**Required work:** Output only the lines below from the one containing "为贯彻落实《省教育厅关于印发" to the one containing "Posca Paint Art", exactly as written, both ends kept.

**Records provided:**
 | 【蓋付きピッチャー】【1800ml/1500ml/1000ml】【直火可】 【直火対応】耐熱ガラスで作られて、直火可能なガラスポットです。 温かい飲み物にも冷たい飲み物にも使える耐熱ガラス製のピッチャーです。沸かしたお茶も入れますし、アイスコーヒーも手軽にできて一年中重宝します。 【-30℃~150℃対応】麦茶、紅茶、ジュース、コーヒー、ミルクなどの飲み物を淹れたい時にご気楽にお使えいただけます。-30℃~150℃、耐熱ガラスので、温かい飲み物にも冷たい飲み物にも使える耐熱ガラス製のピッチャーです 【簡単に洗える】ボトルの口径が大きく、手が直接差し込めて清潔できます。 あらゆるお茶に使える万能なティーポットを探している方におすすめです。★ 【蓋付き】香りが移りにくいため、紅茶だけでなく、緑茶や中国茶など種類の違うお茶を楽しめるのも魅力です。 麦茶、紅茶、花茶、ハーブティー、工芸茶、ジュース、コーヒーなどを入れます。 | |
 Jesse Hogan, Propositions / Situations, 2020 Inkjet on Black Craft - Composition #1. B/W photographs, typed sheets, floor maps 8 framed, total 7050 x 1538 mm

==

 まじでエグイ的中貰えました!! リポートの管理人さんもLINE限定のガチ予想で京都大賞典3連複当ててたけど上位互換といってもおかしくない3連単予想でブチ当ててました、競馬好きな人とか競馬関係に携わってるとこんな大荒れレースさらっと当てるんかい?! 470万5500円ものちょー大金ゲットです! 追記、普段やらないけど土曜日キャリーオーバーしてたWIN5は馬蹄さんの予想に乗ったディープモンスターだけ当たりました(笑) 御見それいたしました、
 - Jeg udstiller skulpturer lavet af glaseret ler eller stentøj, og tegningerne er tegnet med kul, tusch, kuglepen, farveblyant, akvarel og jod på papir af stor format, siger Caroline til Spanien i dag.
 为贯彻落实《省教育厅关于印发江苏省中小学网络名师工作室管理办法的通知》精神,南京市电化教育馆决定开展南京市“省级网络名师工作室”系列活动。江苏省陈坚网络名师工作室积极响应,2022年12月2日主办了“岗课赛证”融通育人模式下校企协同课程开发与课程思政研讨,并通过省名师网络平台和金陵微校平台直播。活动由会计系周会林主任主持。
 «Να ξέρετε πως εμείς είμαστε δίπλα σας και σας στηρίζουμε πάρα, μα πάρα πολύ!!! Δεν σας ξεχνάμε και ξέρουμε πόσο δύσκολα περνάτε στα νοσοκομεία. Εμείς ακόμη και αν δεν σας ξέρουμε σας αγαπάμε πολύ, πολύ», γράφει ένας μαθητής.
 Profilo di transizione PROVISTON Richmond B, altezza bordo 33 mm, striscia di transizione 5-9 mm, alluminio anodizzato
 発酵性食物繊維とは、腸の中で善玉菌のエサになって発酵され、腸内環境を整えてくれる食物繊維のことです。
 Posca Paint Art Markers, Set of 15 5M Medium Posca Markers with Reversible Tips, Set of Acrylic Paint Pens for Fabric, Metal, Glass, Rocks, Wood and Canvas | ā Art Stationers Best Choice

**Expected answer:**
 为贯彻落实《省教育厅关于印发江苏省中小学网络名师工作室管理办法的通知》精神,南京市电化教育馆决定开展南京市“省级网络名师工作室”系列活动。江苏省陈坚网络名师工作室积极响应,2022年12月2日主办了“岗课赛证”融通育人模式下校企协同课程开发与课程思政研讨,并通过省名师网络平台和金陵微校平台直播。活动由会计系周会林主任主持。
 «Να ξέρετε πως εμείς είμαστε δίπλα σας και σας στηρίζουμε πάρα, μα πάρα πολύ!!! Δεν σας ξεχνάμε και ξέρουμε πόσο δύσκολα περνάτε στα νοσοκομεία. Εμείς ακόμη και αν δεν σας ξέρουμε σας αγαπάμε πολύ, πολύ», γράφει ένας μαθητής.
 Profilo di transizione PROVISTON Richmond B, altezza bordo 33 mm, striscia di transizione 5-9 mm, alluminio anodizzato
 発酵性食物繊維とは、腸の中で善玉菌のエサになって発酵され、腸内環境を整えてくれる食物繊維のことです。
 Posca Paint Art Markers, Set of 15 5M Medium Posca Markers with Reversible Tips, Set of Acrylic Paint Pens for Fabric, Metal, Glass, Rocks, Wood and Canvas | ā Art Stationers Best Choice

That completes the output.